> _WHAT YOU ARE ASKED TO DO_
Repeat word for word the lines from the top of the records through the line containing "Topthat e kripur", and skip the pictures.
- Opening Delimiter -
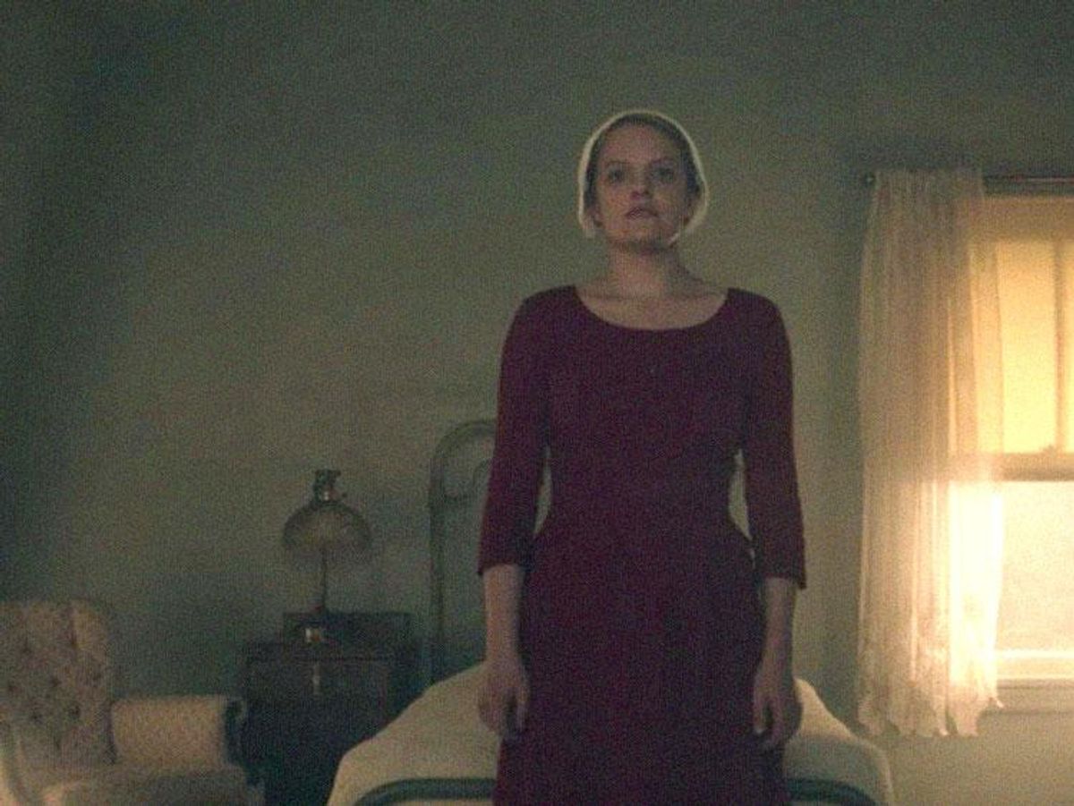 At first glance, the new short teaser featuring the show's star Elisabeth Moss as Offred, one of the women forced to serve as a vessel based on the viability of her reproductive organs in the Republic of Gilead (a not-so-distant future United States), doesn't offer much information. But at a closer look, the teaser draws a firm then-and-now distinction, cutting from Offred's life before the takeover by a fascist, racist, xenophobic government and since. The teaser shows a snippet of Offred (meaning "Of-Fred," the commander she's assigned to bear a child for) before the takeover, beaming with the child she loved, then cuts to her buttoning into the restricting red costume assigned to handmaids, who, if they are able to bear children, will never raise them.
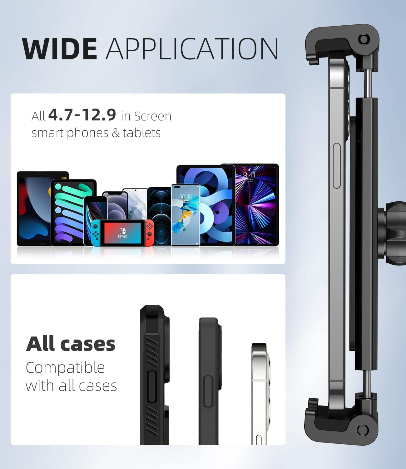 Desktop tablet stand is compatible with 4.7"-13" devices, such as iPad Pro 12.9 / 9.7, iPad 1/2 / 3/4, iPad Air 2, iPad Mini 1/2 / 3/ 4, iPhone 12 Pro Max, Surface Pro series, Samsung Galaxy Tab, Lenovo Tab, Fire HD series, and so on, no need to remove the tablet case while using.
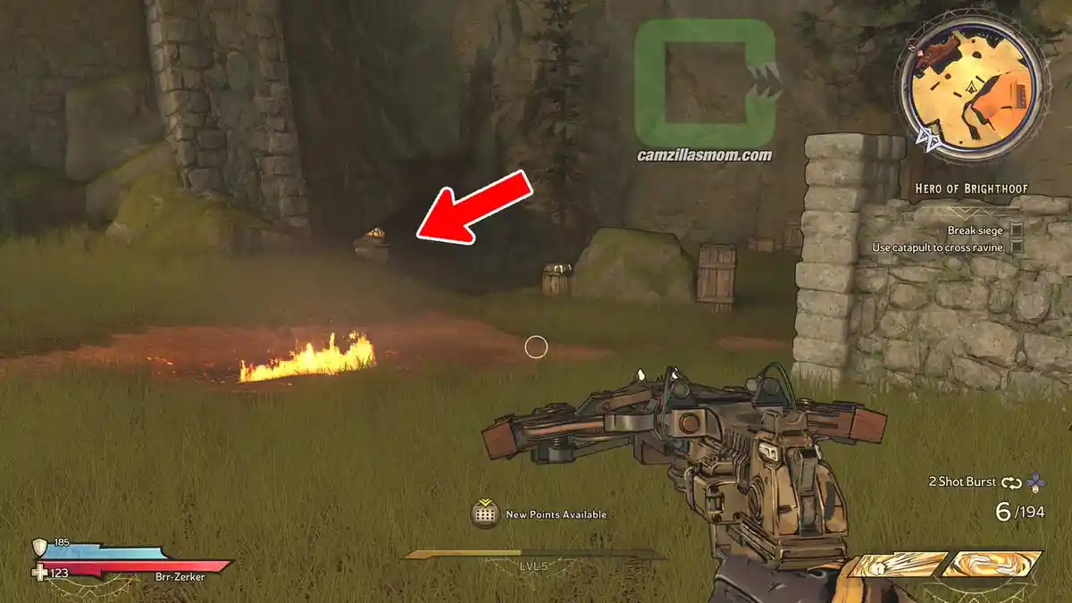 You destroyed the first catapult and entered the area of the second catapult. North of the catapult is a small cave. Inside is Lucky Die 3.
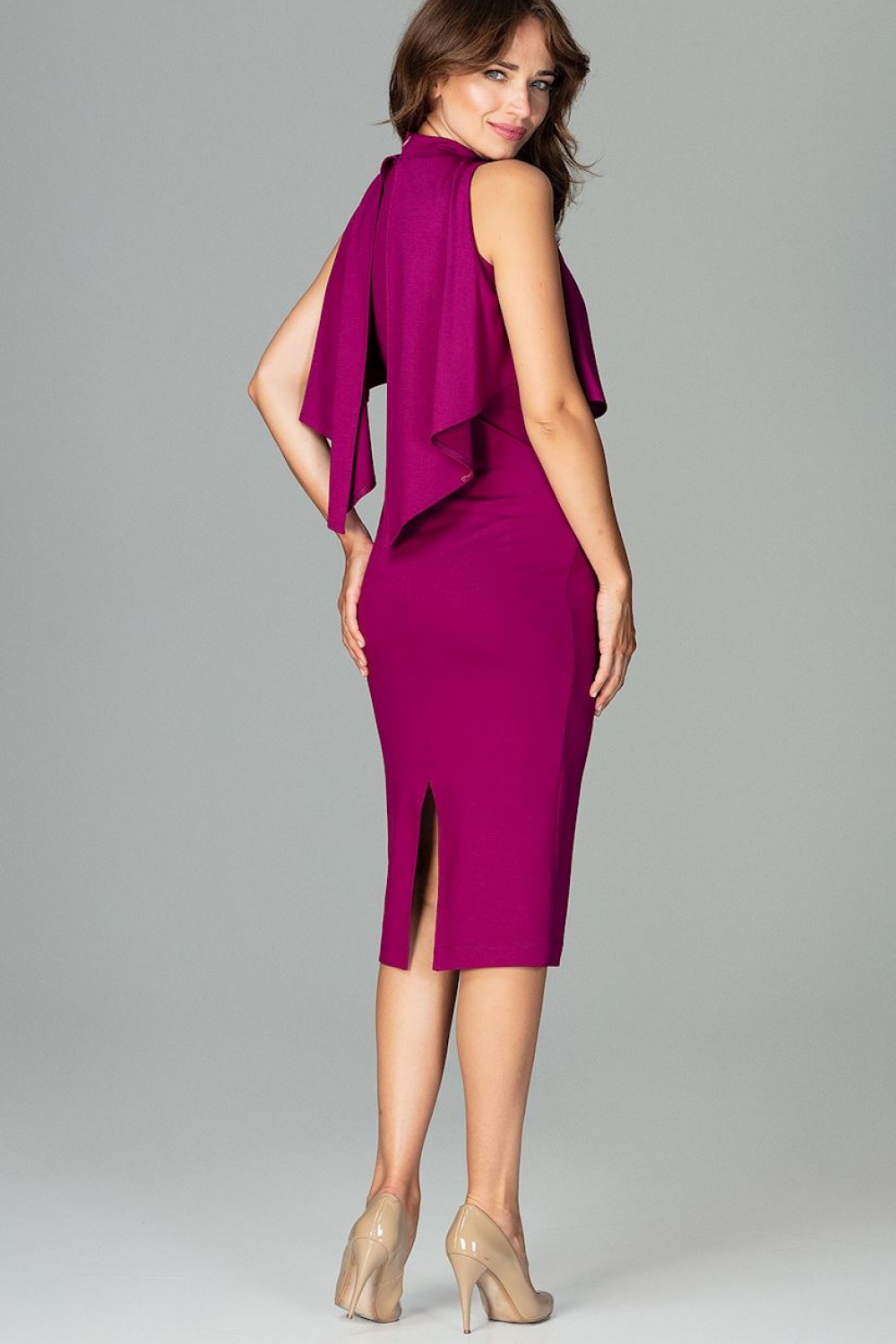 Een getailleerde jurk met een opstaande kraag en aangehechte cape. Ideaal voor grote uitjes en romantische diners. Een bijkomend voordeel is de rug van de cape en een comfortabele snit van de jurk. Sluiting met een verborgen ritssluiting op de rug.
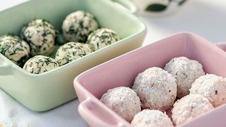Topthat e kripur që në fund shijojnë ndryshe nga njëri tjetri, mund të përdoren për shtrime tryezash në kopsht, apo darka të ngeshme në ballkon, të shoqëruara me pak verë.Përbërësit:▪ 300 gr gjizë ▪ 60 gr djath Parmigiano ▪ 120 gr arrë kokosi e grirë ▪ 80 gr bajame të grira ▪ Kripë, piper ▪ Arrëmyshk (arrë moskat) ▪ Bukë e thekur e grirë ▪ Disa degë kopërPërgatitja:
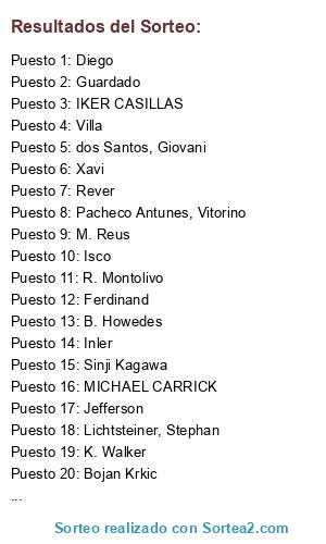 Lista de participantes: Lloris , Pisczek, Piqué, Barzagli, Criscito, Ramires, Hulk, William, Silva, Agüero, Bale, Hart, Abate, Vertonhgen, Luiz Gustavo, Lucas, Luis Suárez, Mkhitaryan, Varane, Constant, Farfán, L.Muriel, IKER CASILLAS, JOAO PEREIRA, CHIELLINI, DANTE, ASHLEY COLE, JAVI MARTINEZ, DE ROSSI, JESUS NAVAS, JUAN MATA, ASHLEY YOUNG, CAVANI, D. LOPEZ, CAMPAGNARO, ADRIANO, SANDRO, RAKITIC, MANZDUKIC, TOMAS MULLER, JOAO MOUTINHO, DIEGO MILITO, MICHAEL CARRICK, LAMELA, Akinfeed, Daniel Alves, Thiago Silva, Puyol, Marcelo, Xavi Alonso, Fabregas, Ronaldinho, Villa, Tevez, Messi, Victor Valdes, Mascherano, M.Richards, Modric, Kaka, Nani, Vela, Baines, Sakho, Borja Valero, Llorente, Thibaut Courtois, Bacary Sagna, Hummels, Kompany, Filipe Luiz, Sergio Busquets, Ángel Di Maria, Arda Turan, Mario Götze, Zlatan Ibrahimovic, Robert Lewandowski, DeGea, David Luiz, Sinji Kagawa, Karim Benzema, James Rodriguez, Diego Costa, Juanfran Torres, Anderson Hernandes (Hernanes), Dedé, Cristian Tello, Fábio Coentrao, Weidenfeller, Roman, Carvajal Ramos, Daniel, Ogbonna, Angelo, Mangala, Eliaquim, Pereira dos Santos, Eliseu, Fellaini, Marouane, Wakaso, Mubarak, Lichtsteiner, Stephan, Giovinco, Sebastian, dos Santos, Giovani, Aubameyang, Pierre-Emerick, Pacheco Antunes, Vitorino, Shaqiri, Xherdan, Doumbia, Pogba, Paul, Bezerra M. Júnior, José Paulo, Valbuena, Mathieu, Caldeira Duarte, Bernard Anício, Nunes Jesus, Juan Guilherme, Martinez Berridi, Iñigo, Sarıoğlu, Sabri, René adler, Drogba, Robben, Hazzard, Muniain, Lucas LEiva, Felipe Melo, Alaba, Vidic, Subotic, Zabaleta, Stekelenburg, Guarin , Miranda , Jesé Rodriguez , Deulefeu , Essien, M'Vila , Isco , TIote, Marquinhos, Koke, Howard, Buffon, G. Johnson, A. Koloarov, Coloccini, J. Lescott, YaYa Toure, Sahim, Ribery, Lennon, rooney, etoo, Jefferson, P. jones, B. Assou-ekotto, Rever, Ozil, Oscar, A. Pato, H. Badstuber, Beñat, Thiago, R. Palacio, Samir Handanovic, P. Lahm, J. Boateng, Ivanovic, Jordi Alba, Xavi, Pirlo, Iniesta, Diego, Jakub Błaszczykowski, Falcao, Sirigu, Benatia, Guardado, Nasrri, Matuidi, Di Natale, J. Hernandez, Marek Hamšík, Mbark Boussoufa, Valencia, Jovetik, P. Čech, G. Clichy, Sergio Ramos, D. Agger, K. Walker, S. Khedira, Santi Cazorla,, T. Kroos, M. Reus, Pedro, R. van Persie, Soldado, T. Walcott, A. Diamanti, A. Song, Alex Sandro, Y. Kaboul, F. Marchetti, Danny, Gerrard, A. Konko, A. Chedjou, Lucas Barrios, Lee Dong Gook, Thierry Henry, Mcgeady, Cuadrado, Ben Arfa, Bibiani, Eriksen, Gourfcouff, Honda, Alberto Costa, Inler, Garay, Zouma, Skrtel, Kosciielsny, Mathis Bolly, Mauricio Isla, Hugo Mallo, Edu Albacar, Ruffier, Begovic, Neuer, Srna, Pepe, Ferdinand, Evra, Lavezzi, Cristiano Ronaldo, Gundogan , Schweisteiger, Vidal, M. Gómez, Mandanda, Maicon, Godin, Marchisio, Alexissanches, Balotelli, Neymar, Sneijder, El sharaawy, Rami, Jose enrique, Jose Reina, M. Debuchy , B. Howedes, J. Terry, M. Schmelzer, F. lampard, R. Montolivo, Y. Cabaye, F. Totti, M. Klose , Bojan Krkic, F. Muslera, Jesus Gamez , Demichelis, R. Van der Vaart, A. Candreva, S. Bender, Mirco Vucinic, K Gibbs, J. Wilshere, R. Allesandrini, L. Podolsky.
- Closing Delimiter -
> _ANSWER AREA_
 At first glance, the new short teaser featuring the show's star Elisabeth Moss as Offred, one of the women forced to serve as a vessel based on the viability of her reproductive organs in the Republic of Gilead (a not-so-distant future United States), doesn't offer much information. But at a closer look, the teaser draws a firm then-and-now distinction, cutting from Offred's life before the takeover by a fascist, racist, xenophobic government and since. The teaser shows a snippet of Offred (meaning "Of-Fred," the commander she's assigned to bear a child for) before the takeover, beaming with the child she loved, then cuts to her buttoning into the restricting red costume assigned to handmaids, who, if they are able to bear children, will never raise them.
 Desktop tablet stand is compatible with 4.7"-13" devices, such as iPad Pro 12.9 / 9.7, iPad 1/2 / 3/4, iPad Air 2, iPad Mini 1/2 / 3/ 4, iPhone 12 Pro Max, Surface Pro series, Samsung Galaxy Tab, Lenovo Tab, Fire HD series, and so on, no need to remove the tablet case while using.
 You destroyed the first catapult and entered the area of the second catapult. North of the catapult is a small cave. Inside is Lucky Die 3.
 Een getailleerde jurk met een opstaande kraag en aangehechte cape. Ideaal voor grote uitjes en romantische diners. Een bijkomend voordeel is de rug van de cape en een comfortabele snit van de jurk. Sluiting met een verborgen ritssluiting op de rug.
Topthat e kripur që në fund shijojnë ndryshe nga njëri tjetri, mund të përdoren për shtrime tryezash në kopsht, apo darka të ngeshme në ballkon, të shoqëruara me pak verë.Përbërësit:▪ 300 gr gjizë ▪ 60 gr djath Parmigiano ▪ 120 gr arrë kokosi e grirë ▪ 80 gr bajame të grira ▪ Kripë, piper ▪ Arrëmyshk (arrë moskat) ▪ Bukë e thekur e grirë ▪ Disa degë kopërPërgatitja:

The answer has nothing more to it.